If `pathway_activity_csv` is not provided, the workflow computes a lightweight pathway score from the configured differential-expression CSV using built-in breast-relevant gene sets.

## Outputs

The layer writes a `foundation/` directory under the workflow output root:

- `rna_foundation_cluster_summary.csv/json`
- `rna_foundation_structure_summary.csv/json`
- `pathway_activity_cluster_summary.csv/json`
- `pathway_activity_structure_summary.csv/json`
- `he_morphology_feature_summary.csv/json`
- `niche_fusion_summary.csv/json`
- `foundation_evidence_metadata.json`
- `stgpt_evidence_summary.csv/json` when stGPT evidence is enabled

These files are also included in `artifact_manifest.json` when the layer is enabled.

## Evidence Bundle Contract

The long-term fusion target is an evidence graph built from small, typed evidence bundles rather than a report assembled directly from raw CSV rows. Each stGPT, RNA foundation, pathway, H&E, or niche-fusion statement should be representable as:

```json
{
  "evidence_id": "stgpt.structure.3",
  "unit": "structure",
  "unit_id": "3",
  "source": "stgpt",
  "evidence_type": "morpho_molecular_embedding",
  "measured": false,
  "model_derived": true,
  "qc_status": "warning",
  "summary": "Region embedding is available but image coverage is below the configured threshold.",
  "supporting_artifacts": [
    "region_embeddings.parquet",
    "region_qc_report.json"
  ]
}
```

Required fields are `evidence_id`, `unit`, `unit_id`, `source`, `evidence_type`, `measured`, `model_derived`, `qc_status`, `summary`, and `supporting_artifacts`. Embeddings, imputation, reconstruction, retrieval, or model scores must set `model_derived=true`; directly measured Xenium expression and H&E metadata may set `measured=true` only when the value is not inferred.

The preferred stGPT artifact set is region-first:

- `region_embeddings.parquet`
- `region_cell_membership.parquet`
- `region_molecular_summary.parquet`
- `region_image_manifest.json`
- `region_qc_report.json`
- `evidence_manifest.json`

Compatibility files such as `cell_embeddings.parquet`, `structure_embedding_summary.csv`, and `qc_report.json` should remain readable by `spatho`.

## Report Semantics

The HTML report gains a `Foundation Evidence` section.

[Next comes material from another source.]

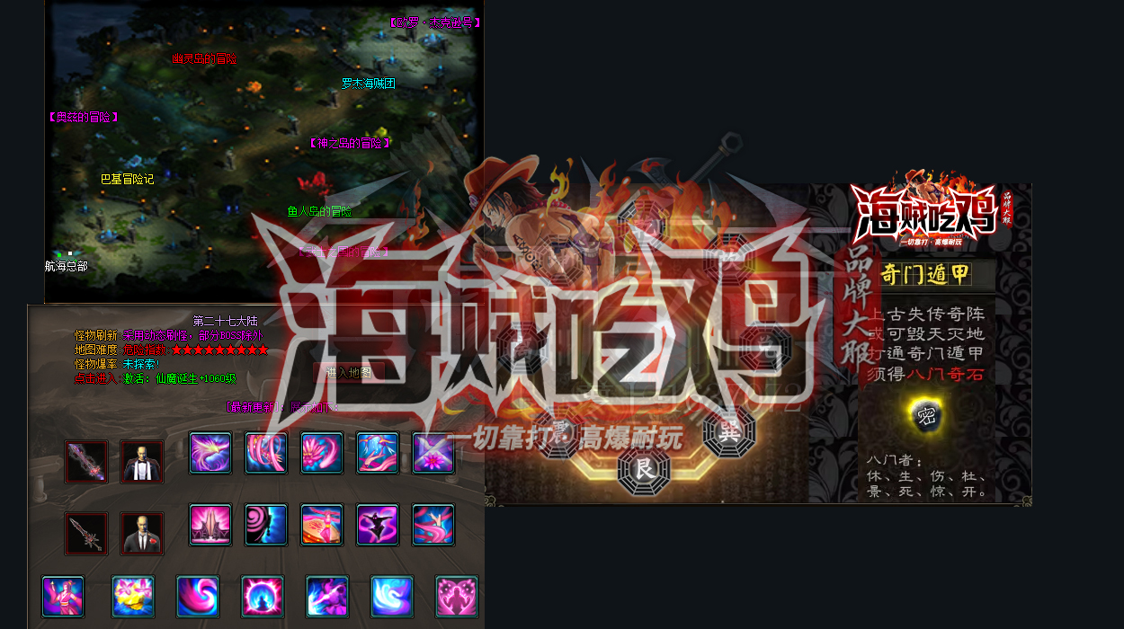 - 【游戏介绍】:|《新海贼吃鸡》本服BOOS种类多,增加了多种BOOS,缩短BOSS刷新时间,都有几率爆出终极。增加打怪乐趣

Each structure-level review can carry:

- marker heuristic evidence;
- scGPT-like RNA reference evidence;
- pathway activity evidence;
- PLIP H&E morphology evidence;
- lightweight niche-fusion consistency notes;
- stGPT morpho-molecular embedding summaries;
- final LLM adjudication.

Guardrails are explicit: missing stGPT artifacts make `spatho doctor` not ready; fatal stGPT QC blocks a run when `stgpt_require_qc_pass=true`; warning-only QC is shown as cautionary evidence; imputed or reconstructed signals must be labeled as model-derived, not measured expression. Fatal QC blocks biological claims; warning-only QC enters cautionary report language; imputation and reconstruction are never reported as measured expression.

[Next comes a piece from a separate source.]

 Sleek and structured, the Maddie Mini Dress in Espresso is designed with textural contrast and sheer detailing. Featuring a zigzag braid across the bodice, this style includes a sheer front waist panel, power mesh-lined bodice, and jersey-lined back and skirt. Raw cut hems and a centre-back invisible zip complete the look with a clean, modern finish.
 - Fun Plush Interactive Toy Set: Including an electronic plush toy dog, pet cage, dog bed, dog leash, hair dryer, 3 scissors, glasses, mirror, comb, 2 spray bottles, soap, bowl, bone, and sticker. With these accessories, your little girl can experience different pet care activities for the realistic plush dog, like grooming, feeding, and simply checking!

The review text is expected to distinguish agreement from complementarity. For example, a tumor RNA reference plus tumor-like H&E morphology is concordant; a tumor RNA reference plus macrophage-rich H&E evidence may be complementary inflammation; high artifact signal is treated as a quality caveat.

## Limitations

This v1 layer is not a replacement for trained multimodal representation learning. It standardizes the evidence interface and reporting surface first. Later versions can plug in true SpatialFusion-style joint embeddings, UNI/CONCH image embeddings, or scGPT-spatial zero-shot embeddings behind the same structure-level evidence files.

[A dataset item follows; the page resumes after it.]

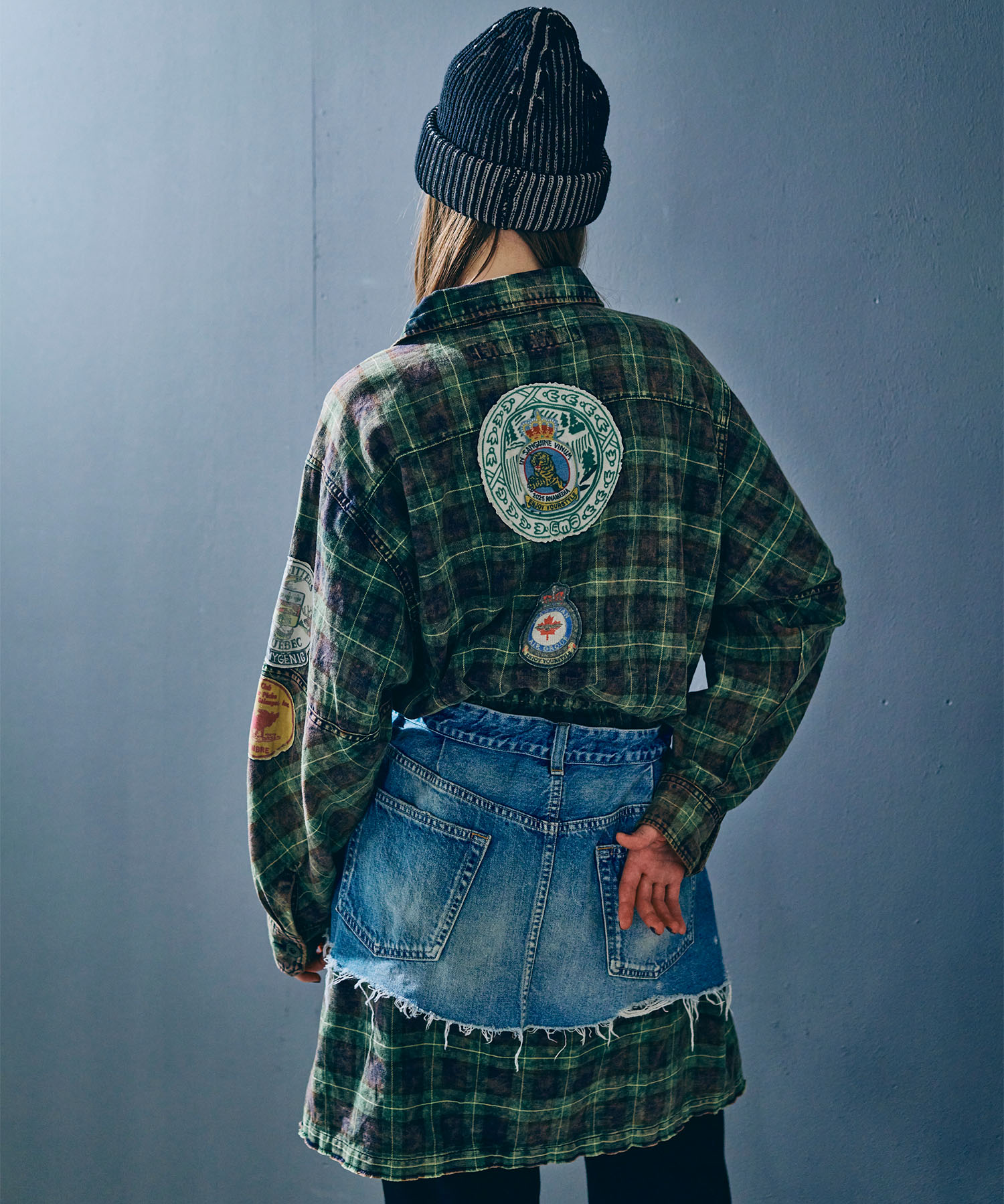 ・カラー436は古着ライクなプリントワッペンをつけたケミカル加工

For the current Atera tutorial, the generated `precomputed_scgpt` smoke mapping validates the interface only. It is not a real stGPT or scGPT-spatial result and should not be interpreted biologically. The next real integration step is to produce stGPT exports with `export_spatho_artifacts`, then let `spatho` consume those artifacts through `stgpt_backend="precomputed_artifacts"` or `stgpt_backend="local_stgpt"`.